Brief = Your task is to print all of the entries exactly, though the pictures should not be included.

Source data =

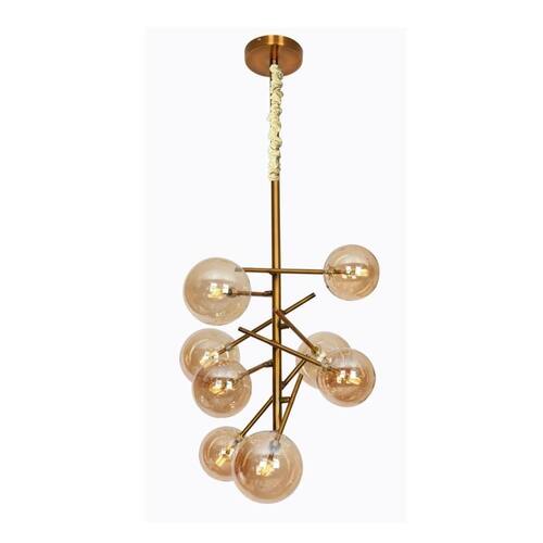 Pendente Jabuticaba Moderno 8 Vidros Âmbar Material: Metal Cores: Bronze Medidas: Diâmetro 70cm Altura Pendente: 2,10 Metros Regulável na altura Corrente: 1,10m Vidros: Cor Âmbar Medidas 13cm e 16cm Lâmpadas: 8 Lâmpadas Modelo G9 Obs. Lâmpadas não inclusa no produto Compatível com Lâmpadas de Led G9 Modelo: Pendente Atributo: Opção de Montagem direto na base sem a corrente Imagem 3 Voltagem: Bivolt Peso: 4 kg : 90 dias contra defeito de fabricação Marca: Não Informado
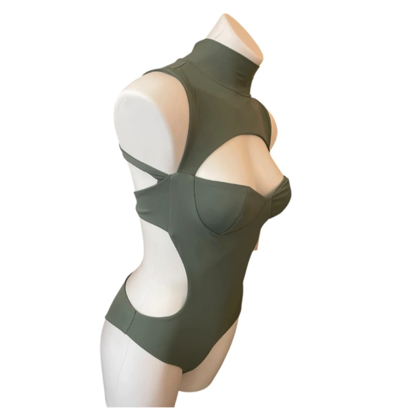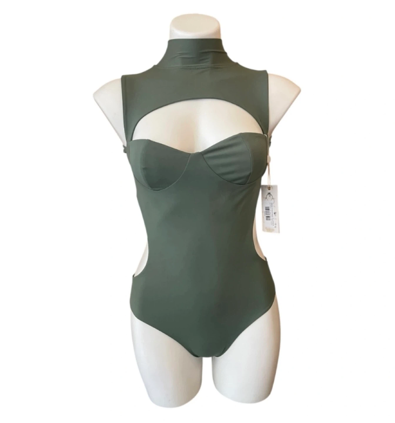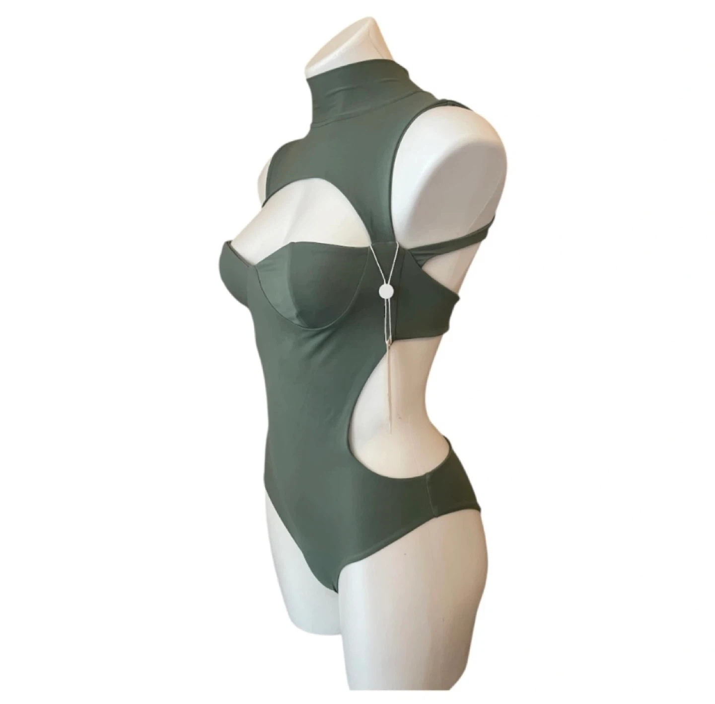NWT High Neck One Piece Monokini Swimsuit Cut Out Olive Green XS
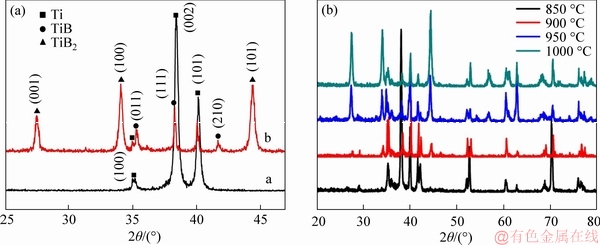 Figure 1 XRD pattern of pure Ti and TiB2-TiB/Ti sample at 950 °C (a) and samples prepared at different boriding temperatures (b)
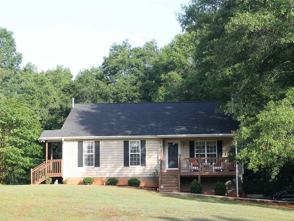 Private, Secluded Lake home, Just around the corner from Big Water Marina on 1.36 acre lot with dock in place! Two bedrooms and two baths on main level,, Gas log the water hardwood floors basement has recently been sheetrocked and finished, just waiting for new buyers to paint and trim and
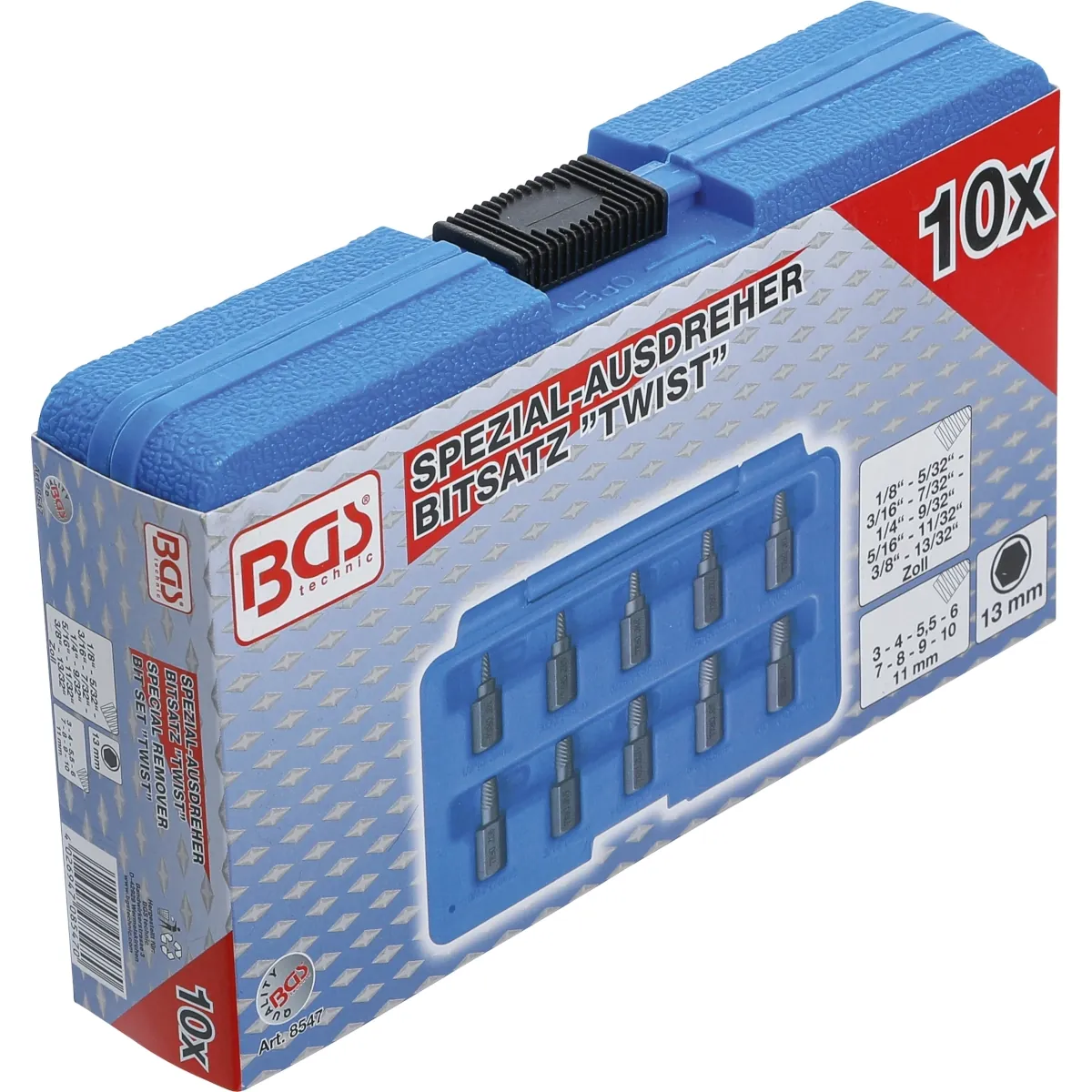 puntas extractoras con entrada en los siguientes tamaños 3 – 4 – 5,5 – 6 – 7 – 8 – 9 – 10 – 11 mm

Reply =
 Pendente Jabuticaba Moderno 8 Vidros Âmbar Material: Metal Cores: Bronze Medidas: Diâmetro 70cm Altura Pendente: 2,10 Metros Regulável na altura Corrente: 1,10m Vidros: Cor Âmbar Medidas 13cm e 16cm Lâmpadas: 8 Lâmpadas Modelo G9 Obs. Lâmpadas não inclusa no produto Compatível com Lâmpadas de Led G9 Modelo: Pendente Atributo: Opção de Montagem direto na base sem a corrente Imagem 3 Voltagem: Bivolt Peso: 4 kg : 90 dias contra defeito de fabricação Marca: Não Informado
NWT High Neck One Piece Monokini Swimsuit Cut Out Olive Green XS
 Figure 1 XRD pattern of pure Ti and TiB2-TiB/Ti sample at 950 °C (a) and samples prepared at different boriding temperatures (b)
 Private, Secluded Lake home, Just around the corner from Big Water Marina on 1.36 acre lot with dock in place! Two bedrooms and two baths on main level,, Gas log the water hardwood floors basement has recently been sheetrocked and finished, just waiting for new buyers to paint and trim and
 puntas extractoras con entrada en los siguientes tamaños 3 – 4 – 5,5 – 6 – 7 – 8 – 9 – 10 – 11 mm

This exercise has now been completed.